Ajv (Another JSON Schema Validator)

  • Fastest validator (10-100x faster than alternatives)
  • Full JSON Schema Draft 2020-12 support
  • TypeScript types available
  • My choice for production Node.js APIs
npm install ajv ajv-formats

joi

  • More expressive API than JSON Schema
  • Better for JavaScript-first projects
  • Excellent error messages
  • Slightly slower than Ajv
const Joi = require('joi');

const schema = Joi.object({
  username: Joi.string().min(3).max(20).required(),
  email: Joi.string().email().required(),
  age: Joi.number().integer().min(0).max(120)
});

zod

  • TypeScript-first with automatic type inference
  • Growing popularity in modern projects
  • Great developer experience
import { z } from 'zod';

const UserSchema = z.object({
  username: z.string().min(3).max(20),
  email: z.string().email(),
  age: z.number().int().min(0).max(120)
});

Python validators

jsonschema

  • Standard JSON Schema library for Python
  • Full specification support
  • My default choice for Python projects

pydantic

  • Data validation using Python type hints
  • Excellent FastAPI integration
  • Automatic JSON Schema generation
from pydantic import BaseModel, EmailStr, Field

class User(BaseModel):
    username: str = Field(min_length=3, max_length=20)
    email: EmailStr
    age: int = Field(ge=0, le=120)

# Automatic validation
user = User(username="cedric", email="cedric@utilitiz.com", age=35)

Performance considerations

Benchmark from validating 10,000 product objects:

  • Ajv: 25ms (fastest)
  • joi: 180ms
  • jsonschema (Python): 320ms
  • pydantic: 145ms

For high-throughput APIs processing thousands of requests, Ajv's performance advantage matters. For most applications, any validator is fast enough.

Schema Versioning Strategies

When building APIs that evolve over time, schema versioning prevents breaking changes. Here's how I handle it in production.

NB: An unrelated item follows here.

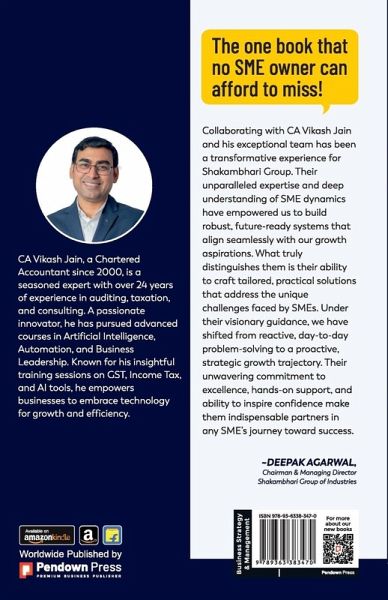 SME to SME offers a step-by-step guide for transforming your business from a Small & Medium Enterprise into a Systematically Managed Enterprise. Drawing from 24 years of hands-on experience, the author presents practical strategies, proven systems, and actionable insights to help entrepreneurs scale, streamline, and thrive in a competitive world. CA Vikash Jain, a Chartered Accountant since 2000, is a seasoned expert with over 24 years of experience in auditing, taxation, and consulting. A passionate innovator, he has pursued advanced courses in Artificial Intelligence, Automation, and Business Leadership. Known for his insightful training sessions on GST, Income Tax, and Al tools, he empowers businesses to embrace technology for growth and efficiency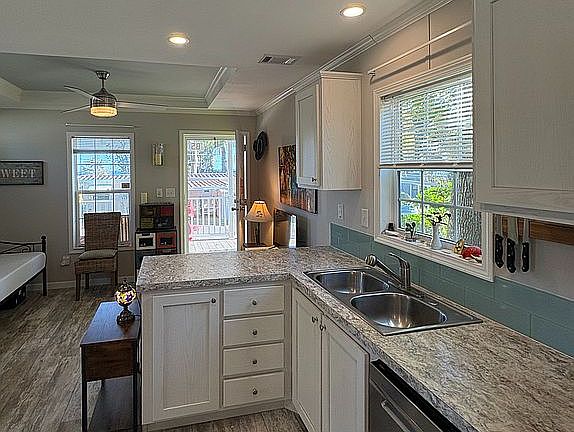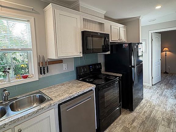 This beautiful mobile home on Crescent Lake is like brand new, only 6 years old, with raised ceilings and full sized cupboards and appliances. Light comes in from all 4 sides! Central air/heat, ceiling fans, 13x8 deck with a view of beautiful Crescent Lake! This is a senior 55+ private community with no HOA!. Application fee, approval and lot rent of $505/month in Crescent Lake Waterfront Community, which includes a greenhouse, fire pit, waterfront, boat slips available to lease, two docks with large gazebo and fish cleaning station, trash and lawn service, and more!

Semantic versioning for schemas

schemas/
  product/
    v1.0.0.json   # Initial schema
    v1.1.0.json   # Added optional fields (backward compatible)
    v2.0.0.json   # Breaking changes

Backward-compatible changes

Safe changes that don't break existing clients:

  • Adding optional fields
  • Removing required fields
  • Making validation less strict (removing patterns, increasing max values)
  • Adding enum values

Breaking changes

Changes that require major version bump:

  • Removing fields
  • Making optional fields required
  • Changing field types
  • Making validation stricter
  • Removing enum values

Multi-version support

Support multiple schema versions simultaneously:

const schemas = {
  'v1': require('./schemas/product/v1.0.0.json'),
  'v2': require('./schemas/product/v2.0.0.json')
};

const validators = {};
Object.keys(schemas).forEach(version => {
  validators[version] = ajv.compile(schemas[version]);
});

app.post('/api/v1/products', validateVersion('v1'), createProduct);
app.post('/api/v2/products', validateVersion('v2'), createProduct);

function validateVersion(version) {
  return (req, res, next) => {
    if (!validators[version](req.body)) {
      return res.status(400).json({
        error: 'Validation failed',
        version,
        details: validators[version].errors
      });
    }
    next();
  };
}

Migration paths

Help clients migrate between versions:

function migrateV1toV2(v1Data) {
  return {
    ...v1Data,
    // v2 renamed 'category' to 'categoryId'
    categoryId: v1Data.category,
    // v2 added required field
    createdAt: new Date().toISOString()
  };
}

// Accept v1 data but store as v2
app.post('/api/v1/products', (req, res) => {
  const v2Data = migrateV1toV2(req.body);
  if (validators.v2(v2Data)) {
    const product = createProduct(v2Data);
    res.status(201).json(product);
  }
});

Schema validation transformed how I build APIs. When building AI translation systems across Copenhagen-based teams, schemas served as the single source of truth for data structure. Debugging time dropped dramatically because invalid data never made it past the API boundary.